Go Back   Linux Archive > Redhat > Device-mapper Development

 
 
LinkBack Thread Tools
 
Old 08-01-2011, 09:00 PM
Mikulas Patocka
 
Default Review of dm-block-manager.c

Hi

This is review of dm-block-manager.c:


char buffer_cache_name[32];
sprintf(bm->buffer_cache_name, "dm_block_buffer-%d:%d",
--- it may not fit in 32 bytes.


__wait_block uses TASK_INTERRUPTIBLE sleep and returns error code
-ERESTARTSYS if interrupted by a signal. But this error code is never
checked.
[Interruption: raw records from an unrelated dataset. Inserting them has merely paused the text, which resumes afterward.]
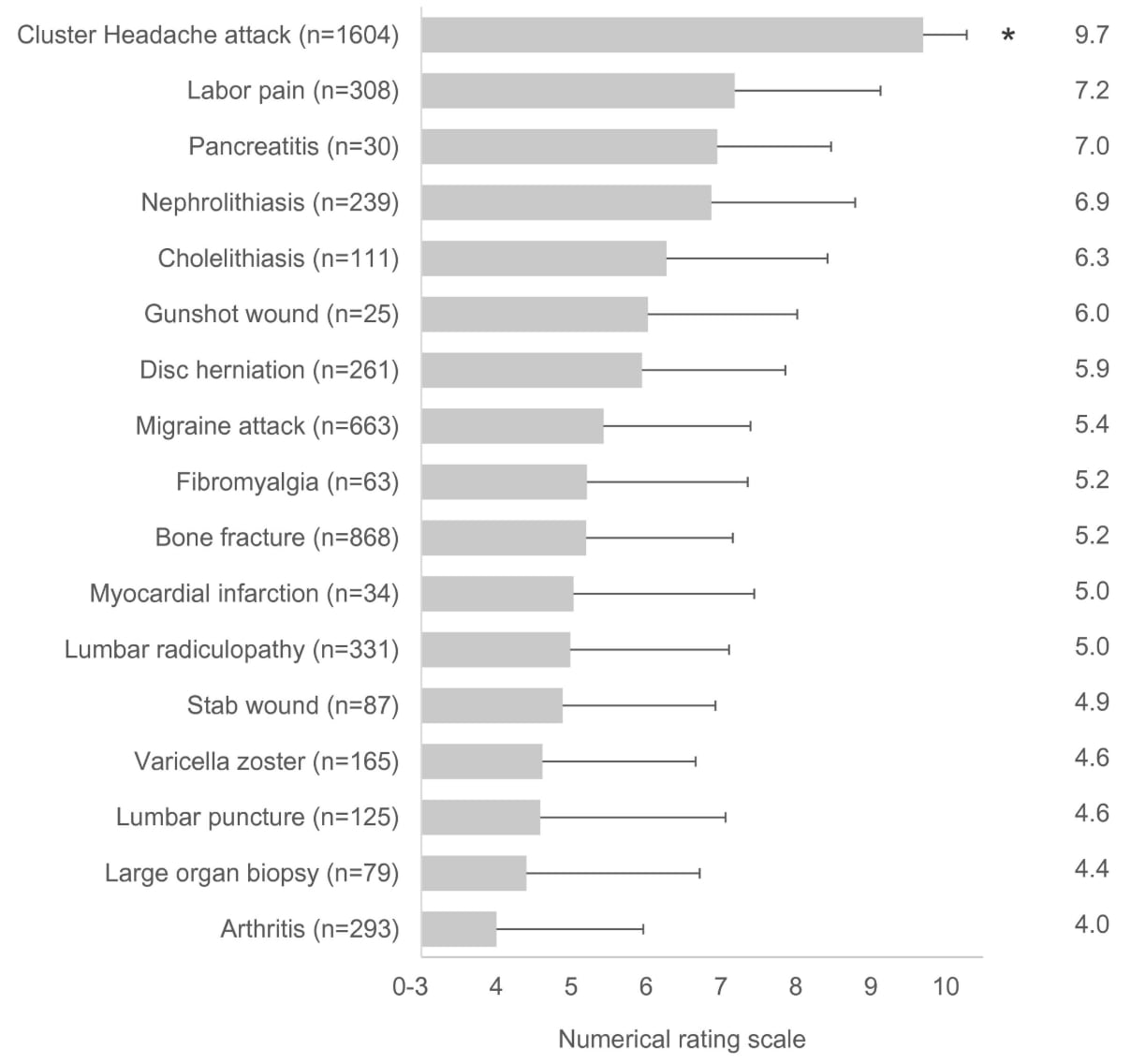The most compelling evidence for Dr. Ran’s quote above comes from a 2020 survey of cluster headache patients by Burish et al., which asked patients to rate cluster headache pain from 1–10 as well as other very painful conditions they themselves have had. Cluster headache attacks were rated as significantly more painful than other severely painful conditions:
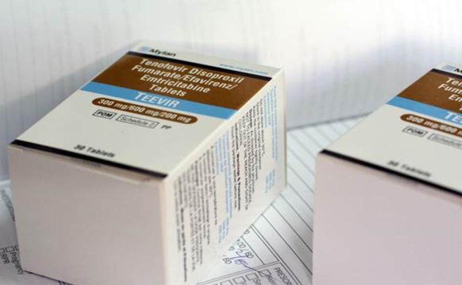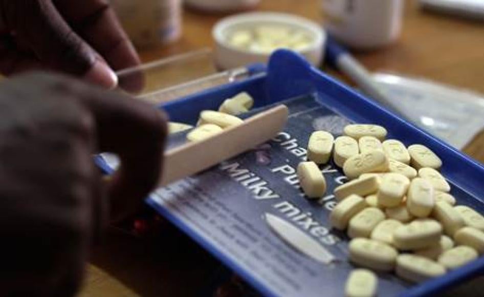Antiretroviral drugs, like those pictured here, often do not have Braille symbols, making it difficult for blind people to identify various medications. © 2014 Justin Purefoy for Human Rights Watch
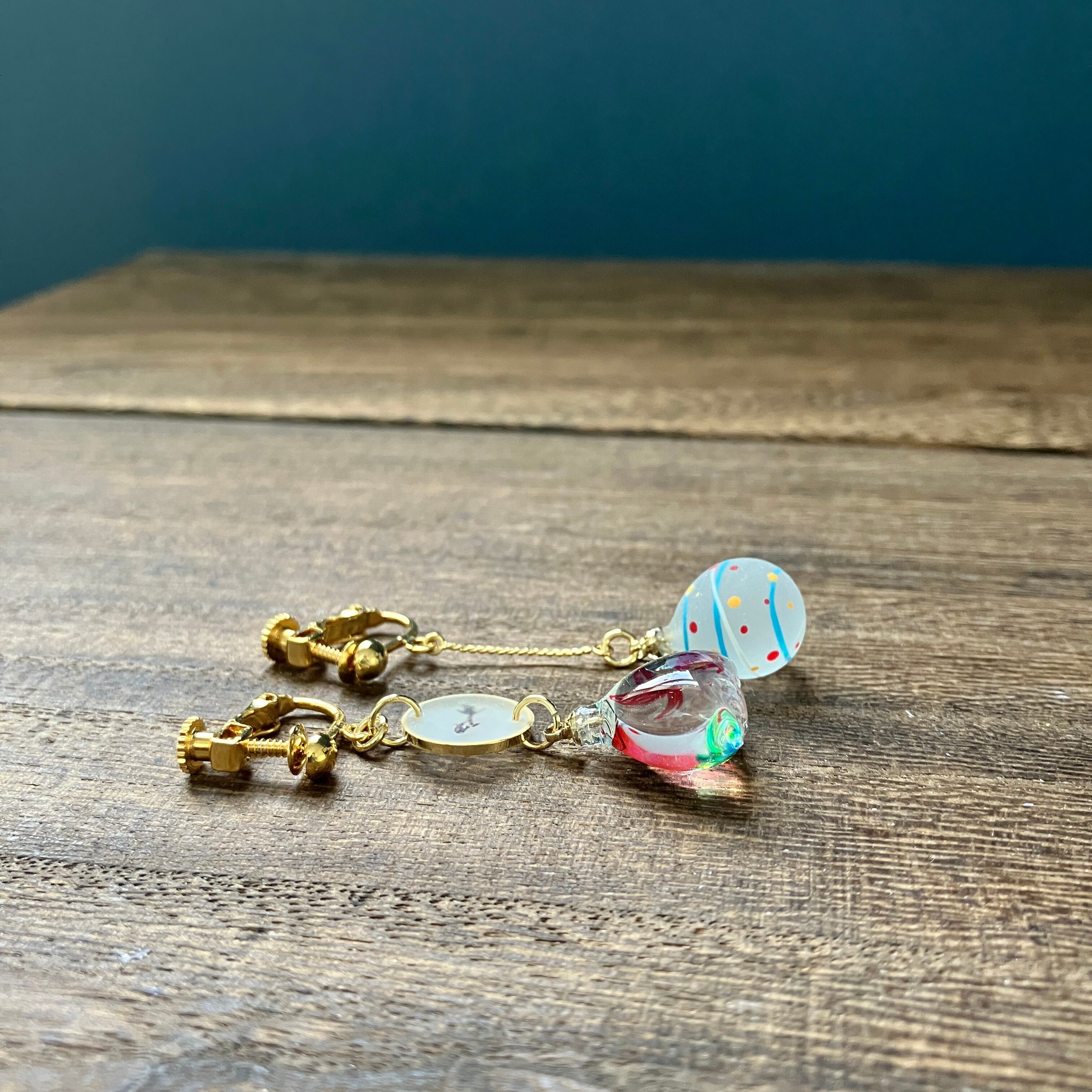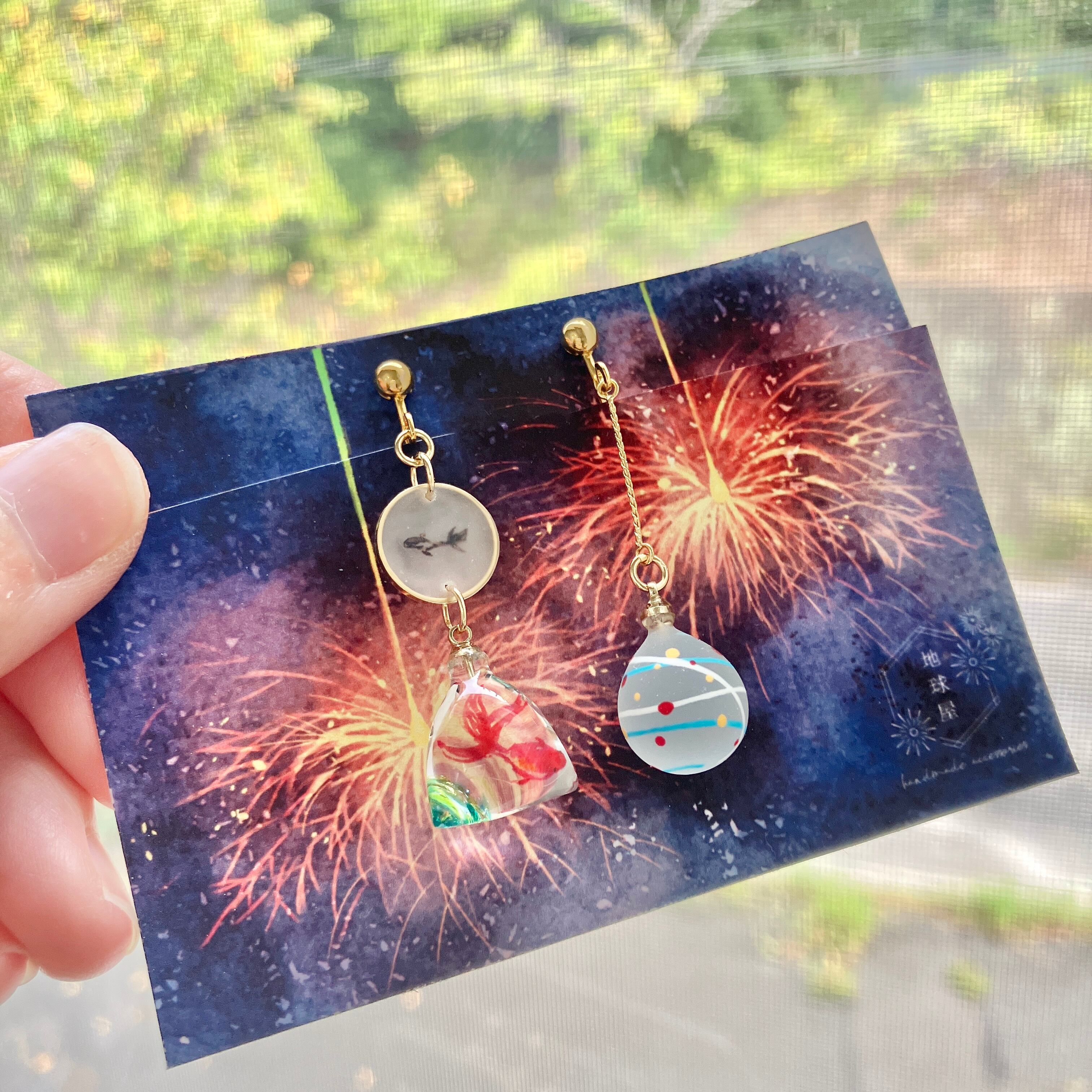 金魚すくいと小さな水風船のイヤリング
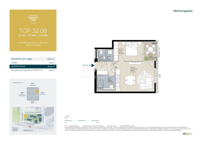 VIENNA TWENTYTWO Living ist ein modernes und zukunftsorientiertes Wohnprojekt im 22. Wiener Gemeindebezirk, Donaustadt, welches sich als Teil eines Hochhausensembles durch eine ausgezeichnete Lage, moderne Architektur und durchdachte Ausstattung auszeichnet. Die Wohnungen bieten den perfekten Rückzugsort für anspruchsvolle Bewohner, die sowohl die Nähe zur Stadt als auch Ruhe und Natur schätzen.Im Wohnturm befinden sich rund 300 Wohnungen in unterschiedlichen Größen, aufgeteilt in vier Ausstattungskategorien. Die wenigen noch verfügbaren Einheiten verfügen über 2-4 Zimmer und sind zwischen ca. 46 m² - ca. 215 m² groß. Sämtliche der verfügbaren Eigentumswohnungen befinden sich im 22. – 32. Stockwerk und überzeugen mit der hochwertigen Ausstattungslinie „Sky Living“ (22. - 30. OG), wobei sich die Penthouse-Etagen (31. - 32. OG) nochmals in Ihrer Beschaffenheit abheben.
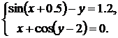 Для решения системы будем использовать блок Algebraic Constraint, который выполняет поиск корней алгебраических уравнений. Систему представим в виде
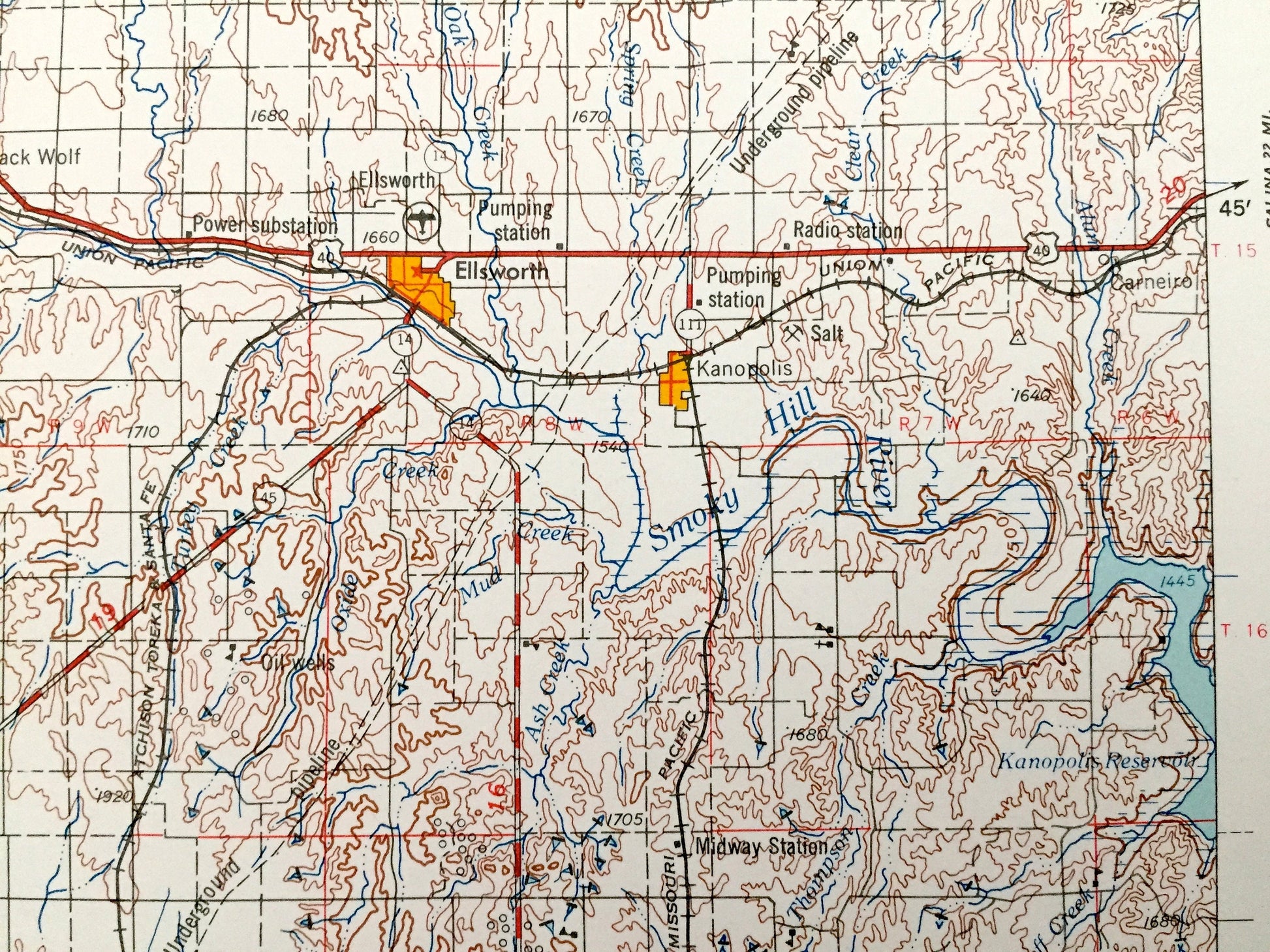 Points of Interest: Arkansas River, Pawnee River, Smoky Hill River, Walnut Creek, Big Timber Creek, Big Creek, Cedar Bluff Reservoir, Kanopolis Reservoir and lots more hills, mountains, rivers, lakes, creeks, roads, highways and railroads.

Consequently, if the process receives a signal, this signal will
interrupt waiting, and the rest of the buffer management code will
mistakenly think that the event to wait for happened.
This should be replaced by TASK_UNINTERRUPTIBLE sleep and functions
__wait_io, __wait_unlocked, __wait_read_lockable, __wait_all_writes,
__wait_all_io, __wait_clean be changed to return void (because their
return code is never checked anyway).


The code uses only a spinlock to protect it state. When the spinlock is
dropped (for example during wait), the buffer may have been reused for
other purposes, but it is not checked. There is a comment "/* FIXME: Can b
have been recycled between io completion and here? */" indicating that Joe
is aware of the problem.


b->write_lock_pending++;
__wait_unlocked(b, &flags);
b->write_lock_pending--;
if (b->where != block)
goto retry;
If the buffer was reused while we were waiting, b->write_lock_pending was
already reset to zero (in __transition BS_EMPTY). We decrement it to
0xffffffff.


Error buffers are linked in error_list and this list is only flushed at a
specific case (in __wait_flush). If there are many i/o errors (for
example, the disk is unplugged) and __wait_flush is not called
sufficiently often, all existing buffers will be moved to error_list and
then the code deadlocks as there would be no empty or clean buffers.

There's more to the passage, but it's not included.